By Brian Buntz | July 24, 2023

Synthetica BioInterest in generative AI has skyrocketed in 2023. While the generative AI market is already substantial, worth $10 billion in 2022 according to Grand View Research, it is set to balloon by a compound annual growth rate (CAGR) of 35.6% from 2023 to 2030.  It’s no wonder that a slew of companies — including Exscientia, Insilico Medicine, Atomwise and BenevolentAI — are eager to tap the technology to expedite drug discovery.

Enter Synthetica Bio

The latest entrant in the generative AI scene is Laguna Beach, California-based Synthetica Bio. The startup aims to explore generative AI and large language models (LLMs) to enable real-time data processing.
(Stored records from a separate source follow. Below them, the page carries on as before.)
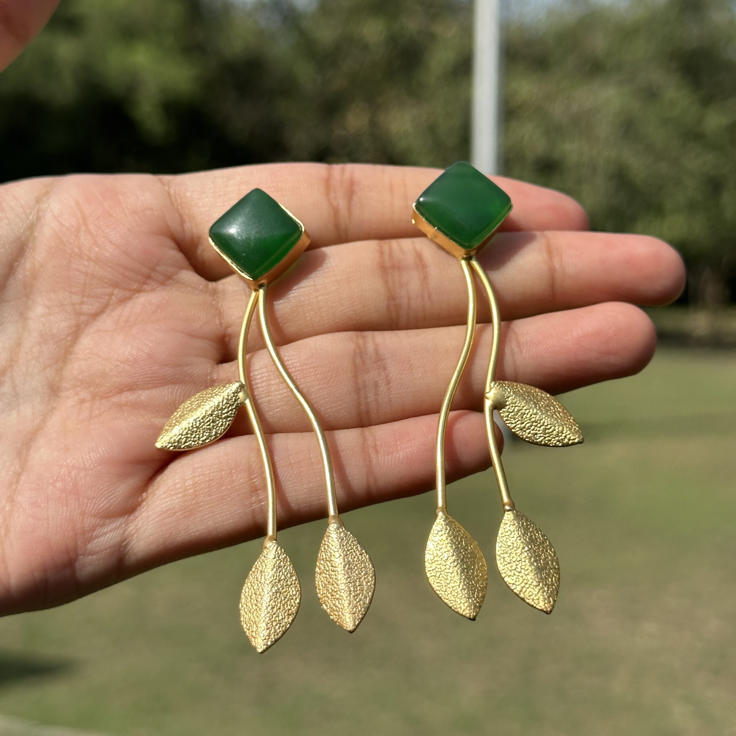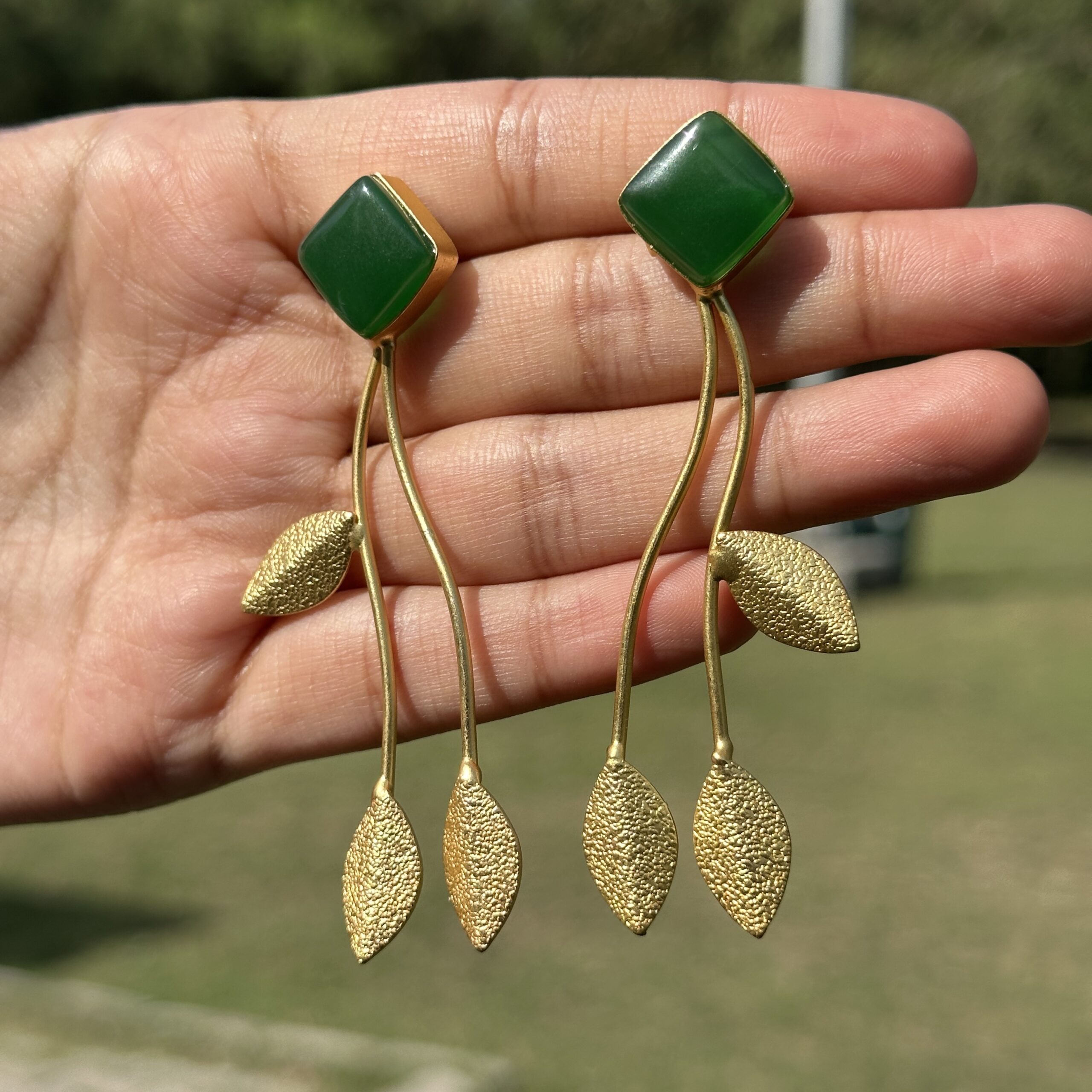 A pair of handcrafted Jaipuri brass earrings designed with a rich semi-precious green stone top and elegant gold-finish leaf drops that beautifully mimic the look of pure gold. Inspired by Jaipur’s artisan heritage, the piece blends traditional brass craftsmanship with uncut-stone aesthetics, creating a statement that feels regal, graceful, and timeless. The flowing leaf silhouette adds soft movement, making these earrings perfect for festive wear, destination weddings, or elevated ethnic looks. Style these with a solid black, ivory, or deep green kurta/saree and keep the neck bare so the earrings become the hero piece. They will look especially stunning with a sleek bun or soft curls tucked behind the ear.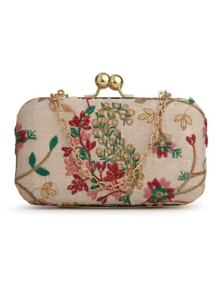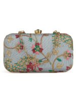 Blue & Goldembroidered box clutches Has shoulder strap, 1 main compartment with twist closure
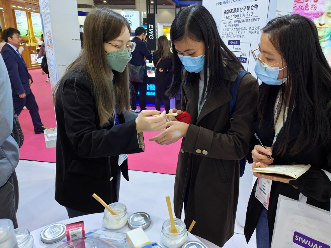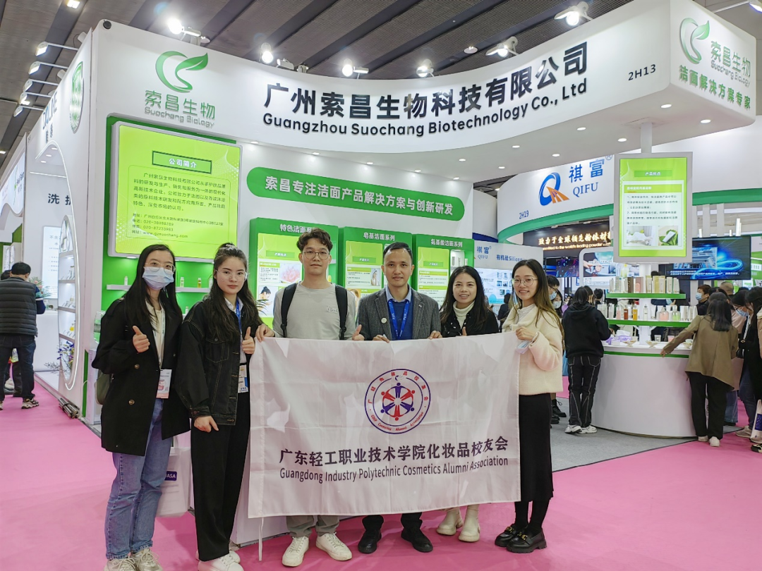 借此活动契机,广东轻院化妆品校友会秘书处的秘书长张静茵师姐携秘书处的小伙伴们一起走访了我们部分校友企业的展位,进行参观交流学习。多位优秀的校友向我们展示了各自所在企业的特色主推产品,并与我们进行了深入的介绍和交流。以下是我们今天走访的企业及其主推产品的内容介绍,排名不分先后。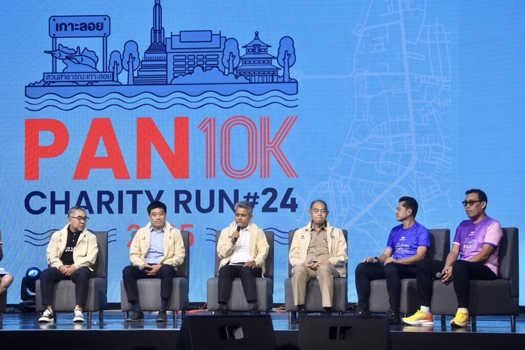 28 มิ.ย.68 ฮอลล์ 100 ไบเทค บางนา-นายสมมาต ขุนเศษฐ ประธานกรรมการบริหาร บริษัท แพนเอเซียฟุตแวร์ จำกัด (มหาชน), นายวีกิจ มานะโรจน์กิจ นายอำเภอศรีราชา, นายฉัตรชัย ทิมกระจ่าง นายกเทศมนตรีเมืองศรีราชา พร้อมด้วย “เต๋า” สมชาย เข็มกลัด นักร้องนักแสดง ร่วมแถลงข่าวงานวิ่งการกุศล “แพน 10K แชริตี้ รัน 2025” PAN 10K Charity Run ครั้งที่ 24 ซึ่งกำหนดจัดขึ้นในวันอาทิตย์ที่ 14 ธันวาคม 2568 ณ เกาะลอย อ.ศรีราชา จ.ชลบุรี เมื่อวันศุกร์ที่ 27 มิถุนายน ที่ผ่านมา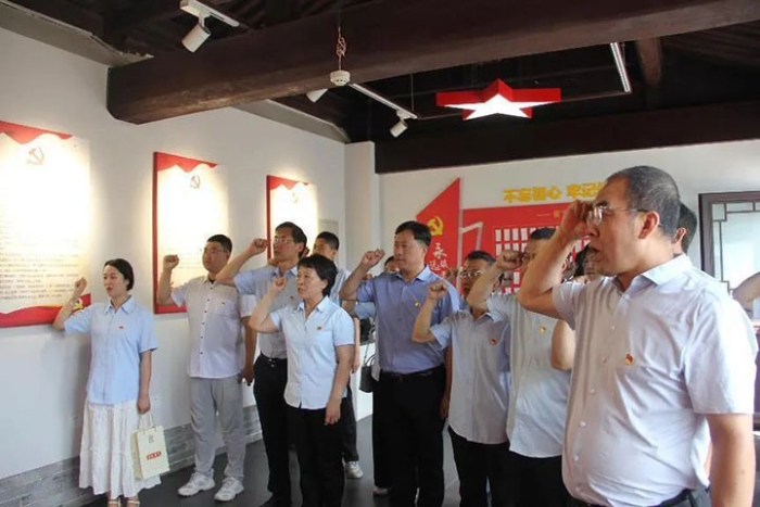在参观展厅完毕后,每一位党员面对庄严党旗,一同高举右手,重温入党誓词,一字一句,体现着对党的热爱与忠诚,激励大家在新征程上勇担使命,树立榜样,终身履行党员义务。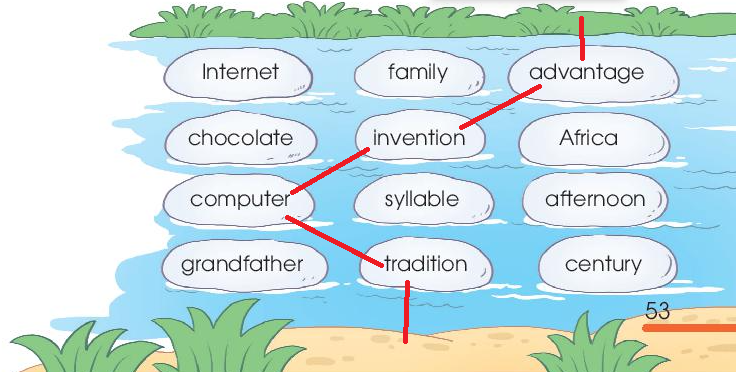 2. Connect all the words with the stress pattern _O_ to cross the river. Then listen and check your answers. Practise saying these words in pair.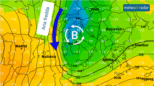 Aria fredda proveniente da nord sta per raggiungere il Mediterraneo centro-orientale, ricalcando un disegno molto simile a quello sperimentato i giorni scorsi. In questo frangente la nuova irruzione fredda sarà complessivamente inferiore rispetto a quella avvenuta tra venerdì e sabato ma sarà comunque in grado di riportare le temperature sotto la media su quasi tutte le regioni. L'immagine del nostro Radar Meteo riferita a martedì, mostra lo sviluppo esplosivo di un nuovo vortice di bassa pressione che avrà perno sulle regioni del sud.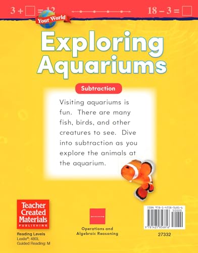 Visiting an aquarium is fun. There are many fish, Sharks, birds, penguins, sea otters, and other creatures to see. Dive into Learning subtraction as you read about the many animals at the aquarium! this nonfiction math book combines math and reading skills, and uses real-life examples of problem solving to teach subject-area content. The dynamic images, detailed sidebars, practice problems, and math diagrams make Learning subtraction easy and fun. Text features include a table of contents, a glossary, an Index, and captions to build vocabulary and increase understanding of math and reading concepts. An in-depth problem-solving Section provides additional Learning and practice opportunities. Engage students with this high-interest math book

The company, founded by Simon Arkell and Alex Dickinson, entrepreneurs with a successful track record in companies like the predictive analytics firm Predixion, digital pathology startup Deep Lens, biotech Helixis and the molecular diagnostics firm Chromacode, has formed strategic partnerships to propel its platform development.

Strategic partnerships are at the heart of Synthetica Bio’s approach

Simon Arkell

Simon Arkell

Out of the gate, the company has a partnership with Microsoft that provides it with access to their cloud service, Azure, and a shared history of successful collaboration in the healthcare and life sciences sector. “We’re very early stage yet but we’ve committed to Microsoft and Azure within their program,” said Simon Arkell, CEO of Synthetica Bio.

Additionally, Synthetica Bio has formed a partnership with one of the largest healthcare data providers in the industry, allowing them to use de-identified data on more than 200 million American patients to fine-tune their models.

Synthetica Bio also differentiates itself from competitors with its trove of data from more than 220 million Americans. “But the secret sauce is that this is in a secure cloud,” Arkell adds, emphasizing the importance of data privacy and security in their operations.

User-centricity also key

Created to serve multiple departments within a pharmaceutical company, including marketing, drug discovery, and clinical trials, the platform’s user-centric design empowers analysts, scientists and other users to pose data-driven questions directly, sans a dedicated data science team. “We’re building an environment where the analyst, the PhD, the clin ops staffer, the scientist can query the data without going through a data science team,” Arkell elaborated.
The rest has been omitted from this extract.